I happen to have two flex drives...if I were to set them for 800 ma each what type of dummy load should I use to setitfor the 635?

 

[Fiddy]

Umm ok, i use 5 for 445 and 6 for 405.. use 4 diodes for 635

 

[Jmillerdoc]

Strange...I tried five at first but kept getting the wrong readings on a known driver output...meaning I had a DDL with a 0.68r set resistor and when I tested the voltage across the resistor I kept getting around 1a with five diodes...someone here told me to use three...when I did I got the 1.8a I expected...I have used three ever since and set all my DDLs withit for the 445's I have built. The optical output also falls in line with what I would expect from the current measurements I get.....so what's up with that? I hope someone here can clarify, verify what I should be doing and furthermore, what I have done....

 

[Sigurthr]

As I said, I've never worked with these dummy loads. I wasn't disagreeing with you at all, simply stating my thought process and why I gave the answer I gave (and why i gave the warning that it may be incorrect).

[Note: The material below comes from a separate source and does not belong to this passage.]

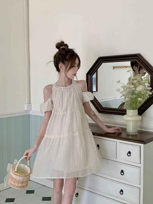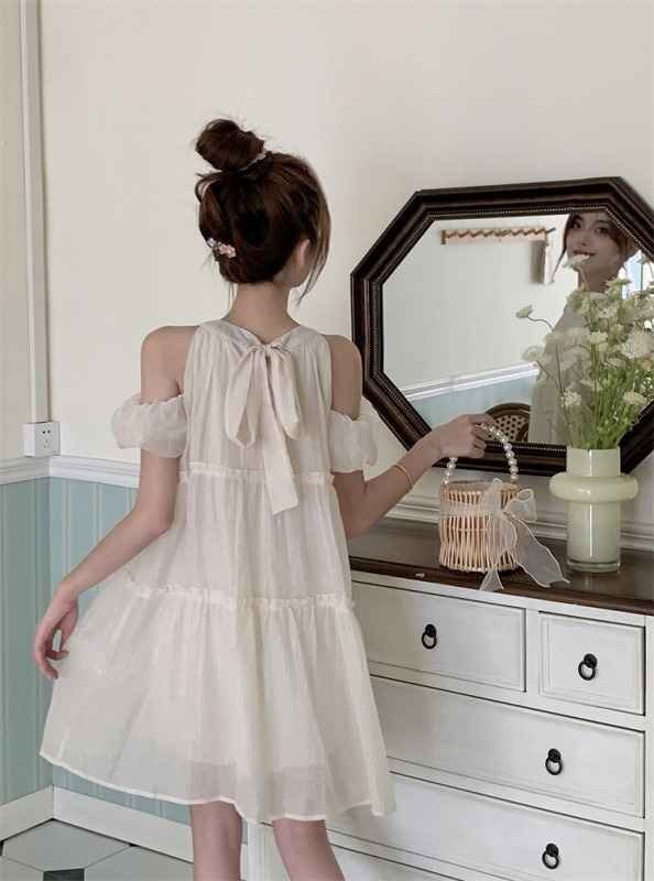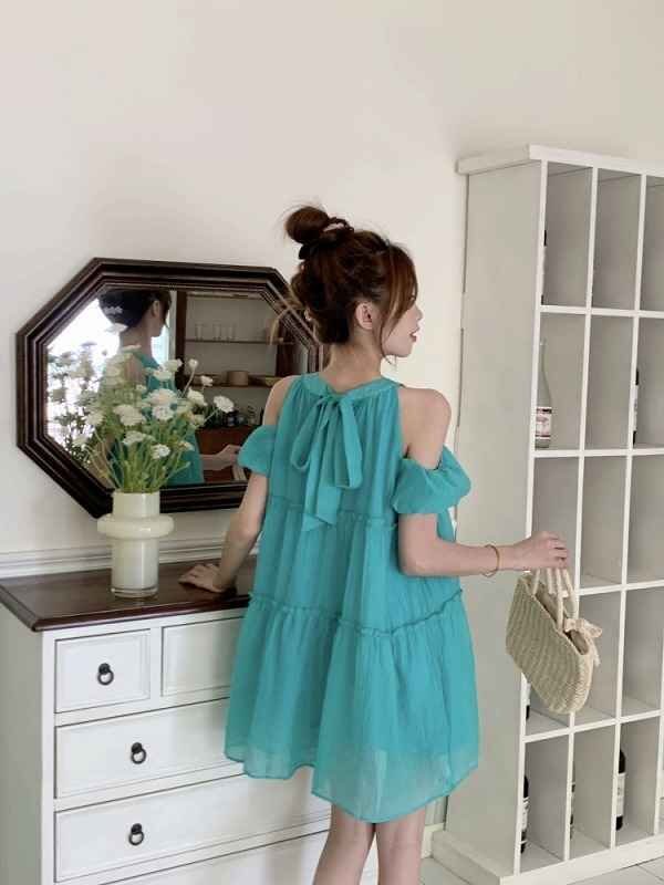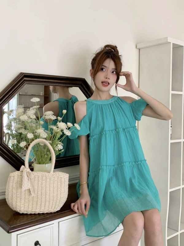 【M】着丈約83cm バスト約94cm 袖丈約13cm ウエスト約80cm 裾周り約214cm
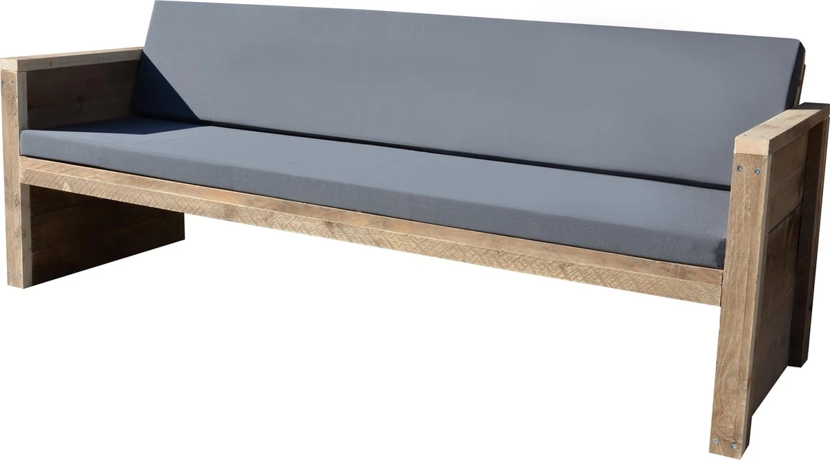Super leuk tuinbankje voor in je tuin of op je balkon. Deze steigerhouten bank heeft een buitenmaat van 175 cm breed, een totale hoogte van 72cm en een diepte van 57cm. Je hebt een zitoppervlakte van 43cm diep en een zithoogte van 38cm exclusief kussen en 43cm inclusief kussen. Kussenset is water- & vuilafstotend uitgevoerd in de kleur antraciet, de kussens zijn 5cm dik koud schuim. Dit zorgt voor een comfortabele zachte zit.

Placing a resistor in series with a load creates a voltage drop across the resistor based on the current. You measure it to determine the current because at 1 ohm the current is equal to the voltage drop, but a voltage drop is there as a fundamental aspect of series resistance. Should not it be taken in to account as well? Just as a diode's Vf increases as current increases the voltage drop across the 1 ohm resistor increases with the increase in current.

As for the three diodes part:

....I know with the 445's you use three diodes in series to mimick the load.

I'm not sure how many are actually used on proper dummy loads. I would guess that you would need six diodes for a 405nm build (6x 0.7 = 4.2V, the addtional drop provided by the 1R resistor based on the current setting).

 

[Fiddy]

what are your diodes rated for?

 

[Bionic-Badger]

Some of the higher current 1N540x rectifier diodes (which I bought specifically for diodes like the 445nm laser diodes) drop 1.2V instead of 0.7V, so using 3x 1.2V = 3.6V in series with a resistor at > 1.0A currents might be appropriate.

Don't just take the number of devices at face value. Make sure they make sense!